Mix tartar and carbonate of soda with the flour, make a sprint or bay, put butter and sugar in bay, cream; add eggs, then milk, make all into a dough, and size them off on buttered tins one inch apart. Wash over with egg, and put a little sugar on top, and bake in a moderate oven. 

28. -- Common German Buns (for wholesale purposes).

4 lbs. of flour, 2 ozs. of tartar, 1 oz. of carbonate of soda, lb. of lard, 1 1/2 lb. of moist sugar, a little turmeric and churned milk; then proceed as for best German buns. Bake in a sharp oven. 

29. -- London Buns.

Take 1 pint of milk warmed in a basin, add 2 ozs. of yeast, 8 ozs. of moist sugar, and make a dough with sufficient flour.
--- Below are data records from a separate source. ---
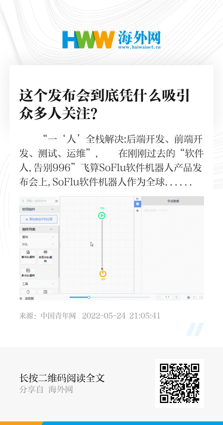 此次,中国原创的SoFlu软件机器人对自动化开发的进一步推动,可以说是掀起了一场软件开发方式的变革浪潮,不仅能让开发者从“重复造轮子”的困境中解放出来,有更多时间和精力专注于创新性设计,“让人人都成为全栈工程师”,进而推动软件行业发展。同时,让企业从劳动密集型转变为智能制造模式,实现降本增效,加速数字化转型进程。SoFlu软件机器人将始终坚持中国原创,通过持续自主创新加速推动企业更高效、更高质量地完成数字化转型,为我国数字经济的发展做出贡献。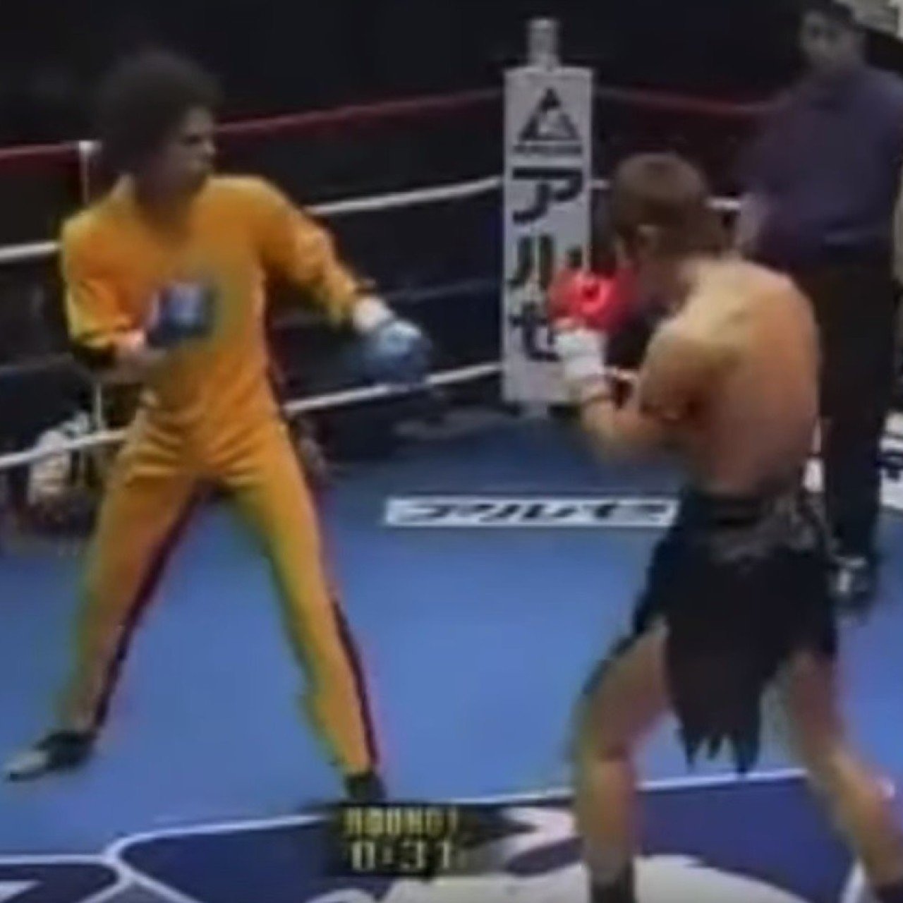 In 2003, Tony Valente – dressed in full Bruce Lee-style yellow jumpsuit – took on Takayuki “Taishin” Kohiruimaki, a skilled kyokushin karateka, for the Japanese kick-boxing promotion K-1 in 2003.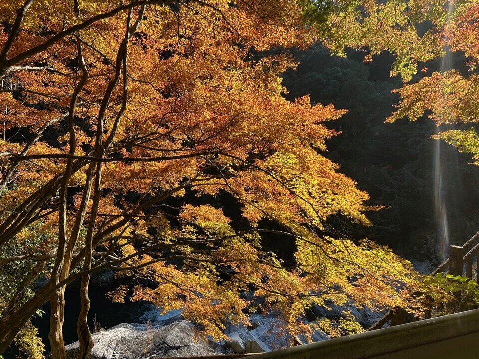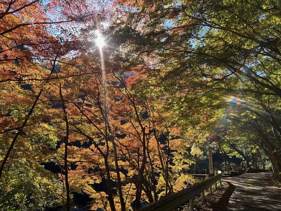 富士町の紅葉で欠かせないのが雄淵雌淵公園です。紅葉のトンネルは歩いてぜひ通ってもらいところです。ここは、谷の底になるので日が入るのが早く午後3時前には日陰になってしまいます。太陽の光に照らされたモミジがきれいなので早い時間に行くのがおすすめです。
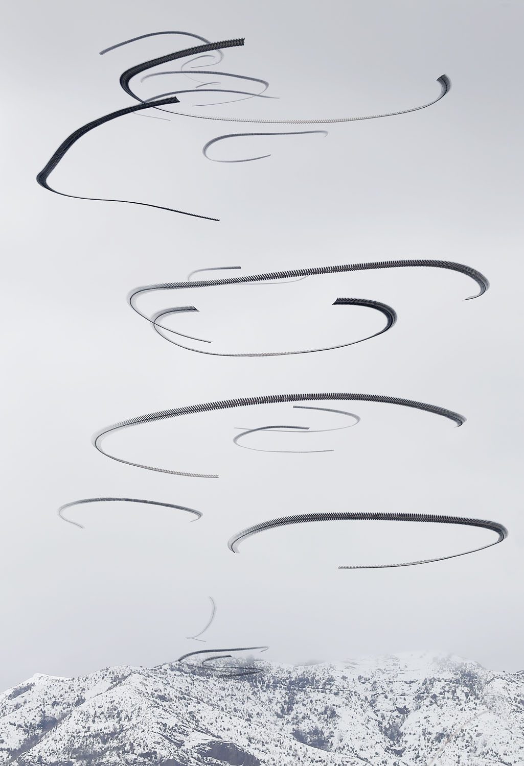 La série naît donc d’un désir de photographier l’impossible, de dire l’indicible, d’aller au-delà des perceptions humaines en représentant ce que l’œil nu ne voit pas. L’idée est donc de capturer dans un seul cadre le mouvement d’oiseaux et ensuite, le représenter par des formes abstraites qui stimulent l’imagination.

When the sponge is ready add 12 ozs. of butter, a pinch of salt, and have ready 4 ozs. of chopped peel. Mix all in the dough with 2 eggs and lemon, and prove. When about half proved wash over with yolk of egg. Put sugar on top when full proved. 

30. -- Penny Queen Cakes.

1 1/2 lb. of butter, 2 lbs. of sugar, 15 eggs, 2 lbs. of flour, 1 lb. of patent flour. Cream butter and sugar in a basin, add eggs, then flour, and as much milk as will make a nice batter. Bake in fluted pans. 

31. -- Patent Flour.

Take 4 ozs. of tartar, and 2 ozs. of carbonate of soda, and 8 lbs. of flour, and sift through a sieve three times. 

32. -- Penny Rice Cakes.

4 lbs. of flour, 2 1/2 lbs. of castor sugar, 1 1/4 lb. of butter, 10 eggs, 1 oz. of tartar, 3/4 oz. of carbonate of soda, 1/2 lb. of ground rice, milk to dough. Cream butter and sugar together, add eggs; when well creamed, add flour, rice, and milk. Bake in small round hoops papered round the side. 

33 -- Coconut Cakes.

These are made in the same way, with the same mixture, but leaving out the rice and adding the same quantity of Coconut Dust Coconut on the top of each. 

34. -- Albert Cakes.

Cream 12 oz. of butter with 1 lb. of sugar, add 13 eggs; mix 1/2 oz. of carbonate of soda and 1/4 oz. of acid with 2 lbs. of flour; weigh 8 ozs. of currants. Mix all together with milk, and bake in a small edged pan. Cut into squares when cold.